In the meantime, a good reference point is the Personal Finance Society (PFS) Good Practice Guide, which highlights points to focus on under the following headings:

1.    Understand the scheme.

2.    Fully assess hard and soft facts.

3.    Consider the wider tax issues with the client.

4.    Ensure DB transfer matches client’s attitude to risk.

5.    Analysis of client’s retirement income needs.

6.    Analysis of sustainability of income.

7.    Clear capital requirements.

The full text includes some good examples, but I would highlight the following practical steps advisers can take to help clients reach the right outcomes and protect themselves:

•    Use lifetime cash flow analysis, using reasoned and reasonable assumptions, to demonstrate how the invested funds will or will not meet the client’s expenditure requirements.  Ideally this should include stress testing of the investment strategy to incorporate the sequencing risk of returns, as well as absolute returns.

•    If a key driver for the transfer is death benefits or other inheritance tax planning, consider whether additional life assurance might meet the need while preserving the ‘secure’ income benefits.

•    Confirm whether or not a partial transfer is possible and, if so, consider this in the model.

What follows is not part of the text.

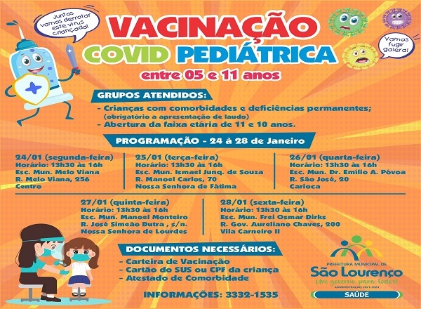 DIANTE DO CENÁRIO DO AUMENTO DE CASOS DE SÍNDROME GRIPAL E COVID, O GOVERNO MUNICIPAL POR MEIO DA SECRETARIA DE SAÚDE, VAI REALIZAR A VACINAÇÃO INFANTIL DE COVID-19 NAS ESCOLAS DE ACORDO COM O CALENDÁRIO ABAIXO, VISANDO A MAIOR SEGURANÇA E O MELHOR ATENDIMENTO DAS NOSSAS CRIANÇAS.
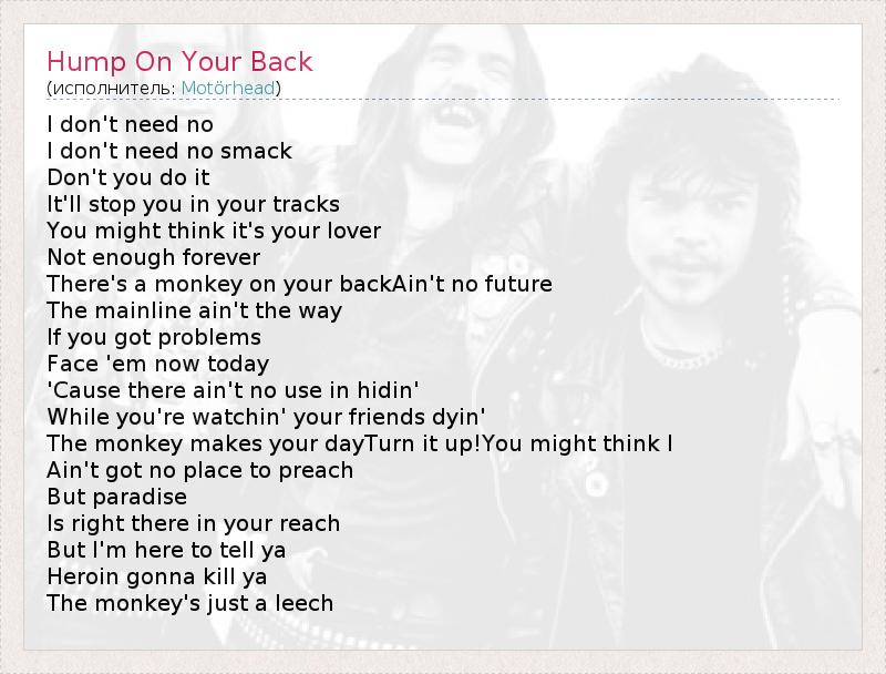 А как ты думаешь, о чем песня "Hump On Your Back" ?

•    Consider carefully the investment policy with the client at outset. This might include the possibility of annuitisation of some or all of the remaining pot.

•    Avoid contingent fees to mitigate potential transaction bias. DB transfer business is complex, high risk and irreversible, so fees should reflect the work done rather than the outcome.

•    Above all, ensure that you understand the client's objectives and what a good retirement looks like for them, then work with their available assets – that is, not just the pension – to ensure their money works to support this. Remember that the single-tier state pension will take account of contracting out, so the client may not be entitled to the full amount.